> **Available data**:
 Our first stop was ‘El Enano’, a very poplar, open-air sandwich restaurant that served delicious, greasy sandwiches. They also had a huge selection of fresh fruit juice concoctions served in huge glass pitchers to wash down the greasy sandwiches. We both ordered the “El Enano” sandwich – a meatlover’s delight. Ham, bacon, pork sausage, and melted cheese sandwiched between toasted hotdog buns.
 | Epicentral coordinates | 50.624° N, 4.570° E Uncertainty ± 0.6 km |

---

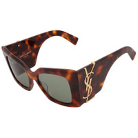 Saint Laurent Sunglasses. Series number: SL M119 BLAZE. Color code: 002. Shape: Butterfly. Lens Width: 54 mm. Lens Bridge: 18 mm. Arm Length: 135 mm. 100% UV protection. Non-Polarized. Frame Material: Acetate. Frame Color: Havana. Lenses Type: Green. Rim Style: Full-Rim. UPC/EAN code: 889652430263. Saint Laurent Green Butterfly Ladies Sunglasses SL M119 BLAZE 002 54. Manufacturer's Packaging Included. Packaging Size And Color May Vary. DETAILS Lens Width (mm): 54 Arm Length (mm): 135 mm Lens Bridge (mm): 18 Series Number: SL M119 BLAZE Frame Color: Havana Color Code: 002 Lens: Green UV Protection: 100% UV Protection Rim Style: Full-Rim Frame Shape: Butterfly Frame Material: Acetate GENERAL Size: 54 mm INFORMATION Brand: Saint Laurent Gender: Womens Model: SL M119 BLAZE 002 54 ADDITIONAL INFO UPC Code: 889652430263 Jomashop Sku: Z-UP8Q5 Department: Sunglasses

--

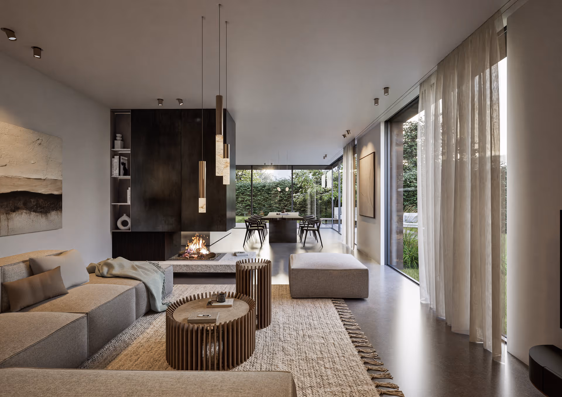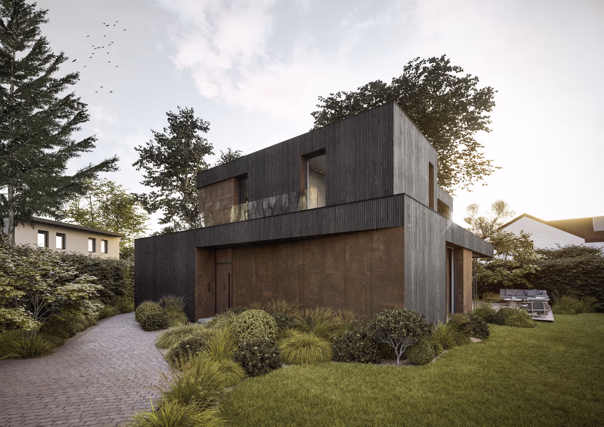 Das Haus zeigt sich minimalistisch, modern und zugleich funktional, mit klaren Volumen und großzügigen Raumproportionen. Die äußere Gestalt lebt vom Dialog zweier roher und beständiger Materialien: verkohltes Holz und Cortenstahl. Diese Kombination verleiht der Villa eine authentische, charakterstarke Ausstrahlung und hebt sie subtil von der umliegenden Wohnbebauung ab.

> **Your goal**: From the entries above, write out only the lines starting at the line that holds "Our first stop" and ending at the line that holds "Uncertainty ± 0.6 km |", keeping both and matching them exactly.

> **Written answer**:
 Our first stop was ‘El Enano’, a very poplar, open-air sandwich restaurant that served delicious, greasy sandwiches. They also had a huge selection of fresh fruit juice concoctions served in huge glass pitchers to wash down the greasy sandwiches. We both ordered the “El Enano” sandwich – a meatlover’s delight. Ham, bacon, pork sausage, and melted cheese sandwiched between toasted hotdog buns.
 | Epicentral coordinates | 50.624° N, 4.570° E Uncertainty ± 0.6 km |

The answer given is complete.